The JV will seek to correct this situation.
Sports rights renewal; prices likely to be more rational
Zee expects sports losses to decline from INR2b in FY11 to INR1b in
FY12 and targets break-even in FY13. The company has said it will aim at
renewing the current rights as well as buying new sports rights, but will
be rational about the price it pays. In 1QFY12, the company aired the
India-West Indies cricket series, but the viewership was low due to cricket
fatigue and non-prime-time hours broadcast.
Advertisement revenue: near-term slowdown
Zee is seeing some impact from the general economic slowdown on
advertisement spends. Also, advertisers have already spent significant
amounts on the cricket world cup and the IPL series, which is also
impacting the current spending. Zee has added programming hours, but
is doing some rebalancing to manage its programming costs.

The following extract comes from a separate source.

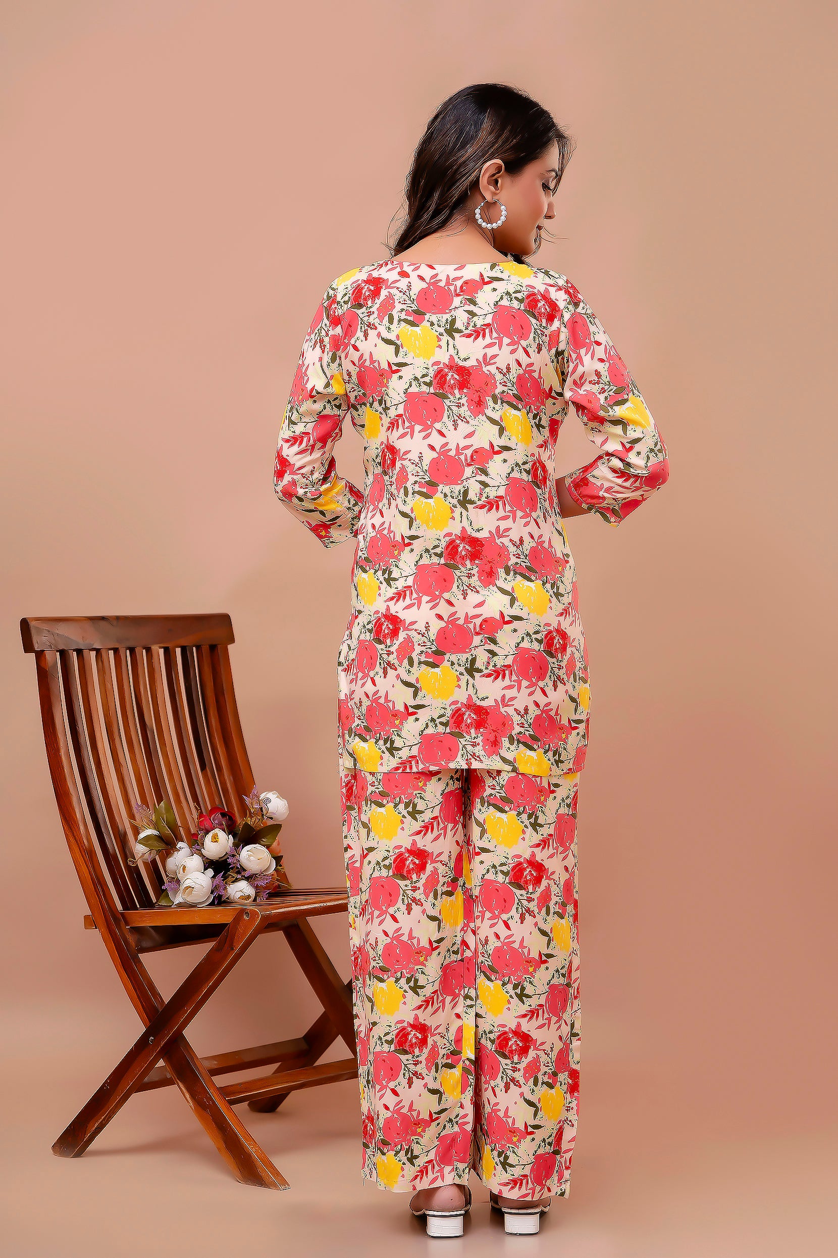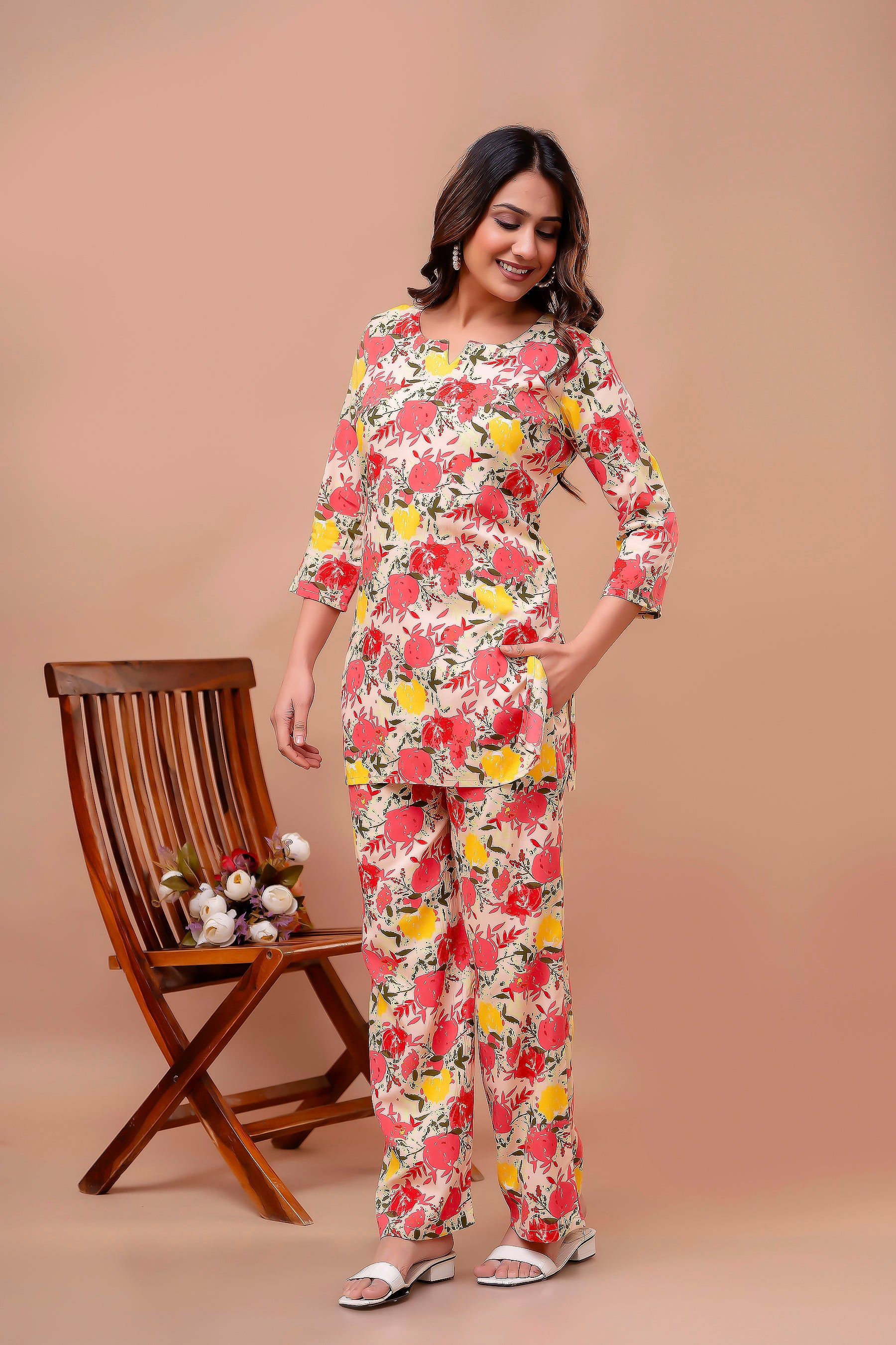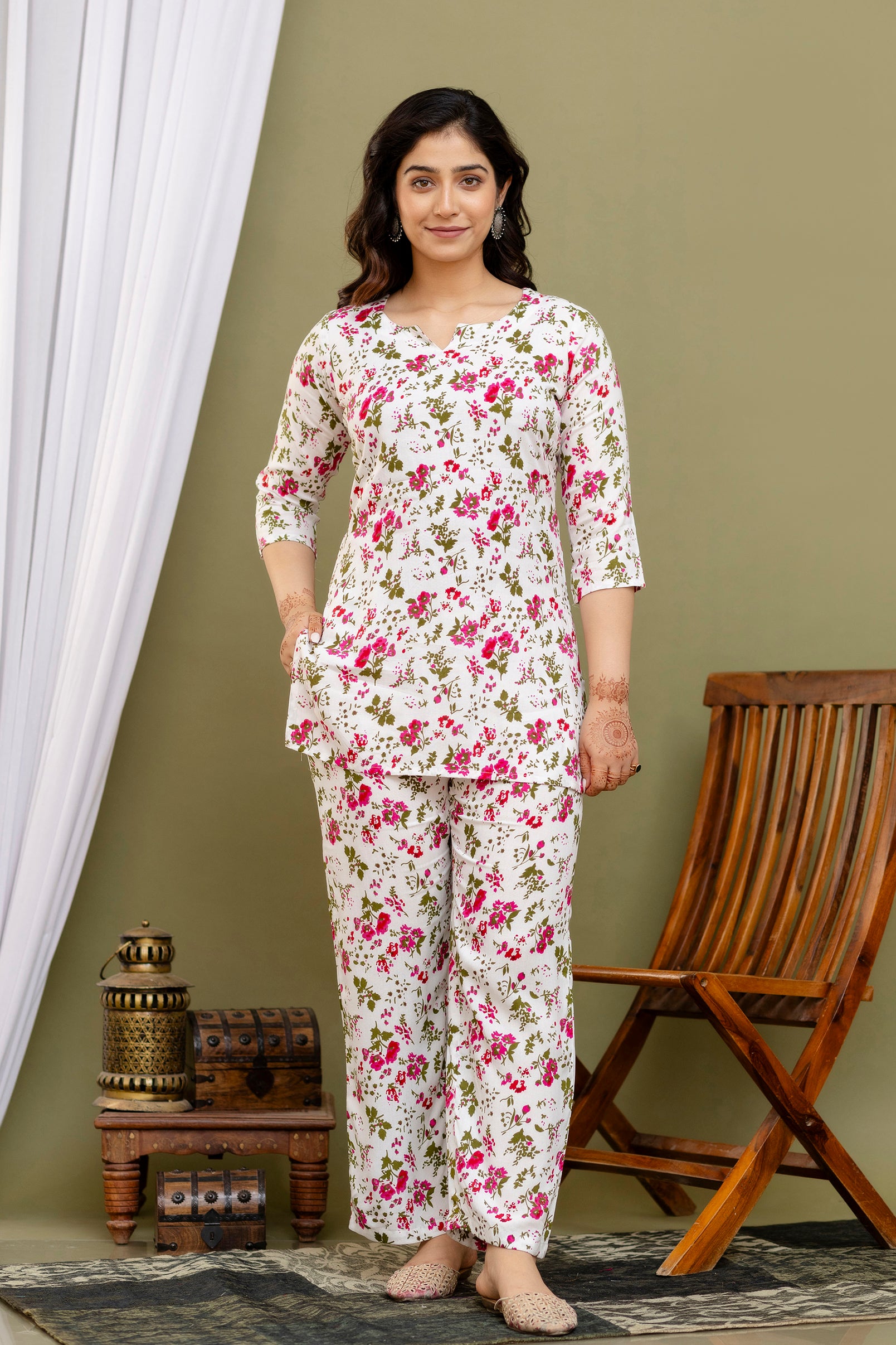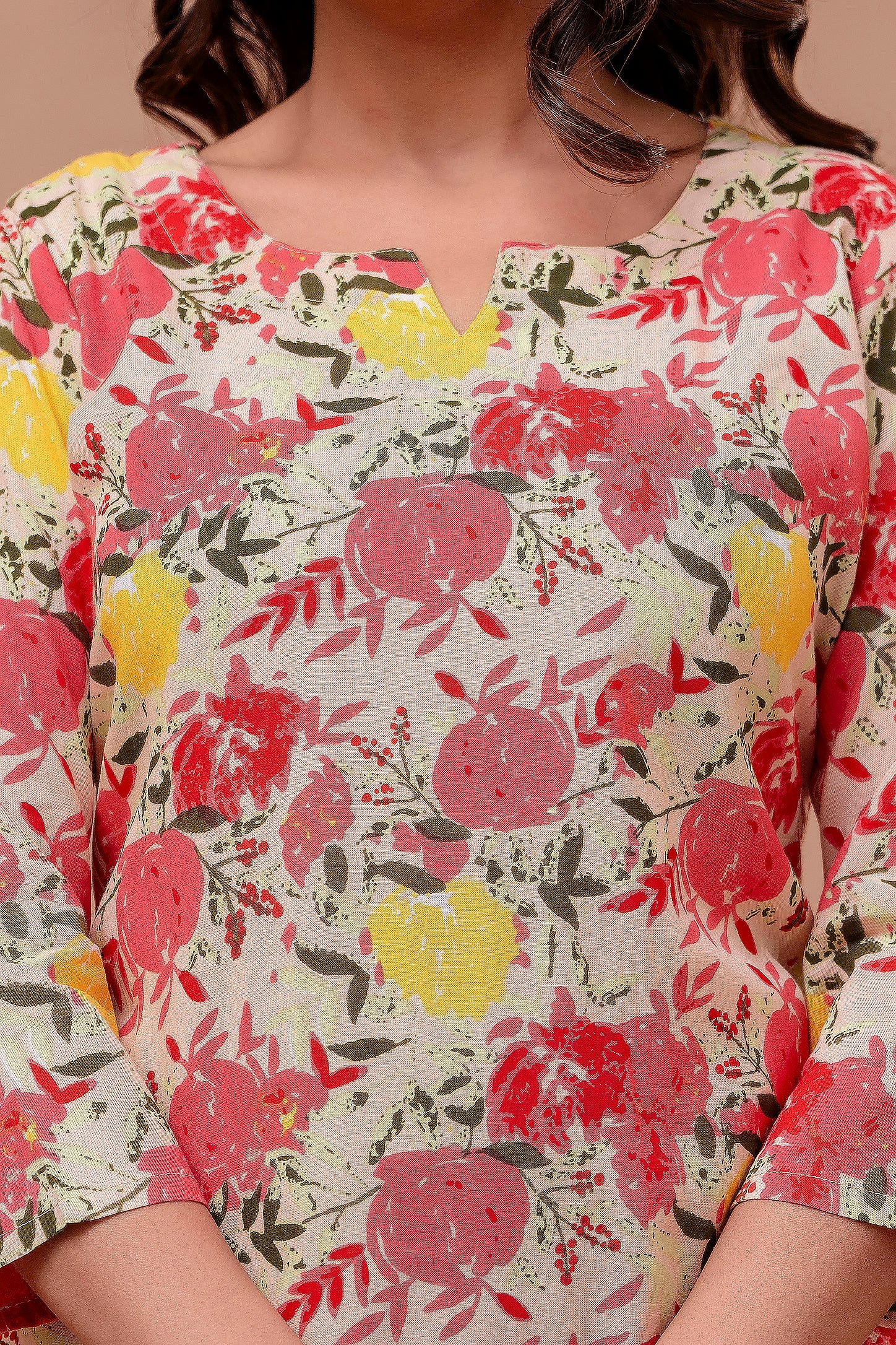 Black and white printed tunic, has a shirt collar neck and three-quarter sleeves, secured with button closure

Retain BUY; raise TP to INR150
We retain our BUY rating on Zee Entertainment and increase our TP
from INR143 to INR150, due to a 4% increase in our FY12 EPS estimate.
The higher EPS estimate reflects our higher EBITDA margin estimate for
FY12 on the back of the strong 4QFY11. We continue to value Zee at
22x FY12E EPS. We like Zee as we believe that it is well positioned to
benefit from rising digitization and that its network strength positions it
well for continued advertisement revenue growth. Risks to our TP: delay
in digitisation of cable, higher-than-expected sports losses, and a drop in
TV ratings due to increasing competition.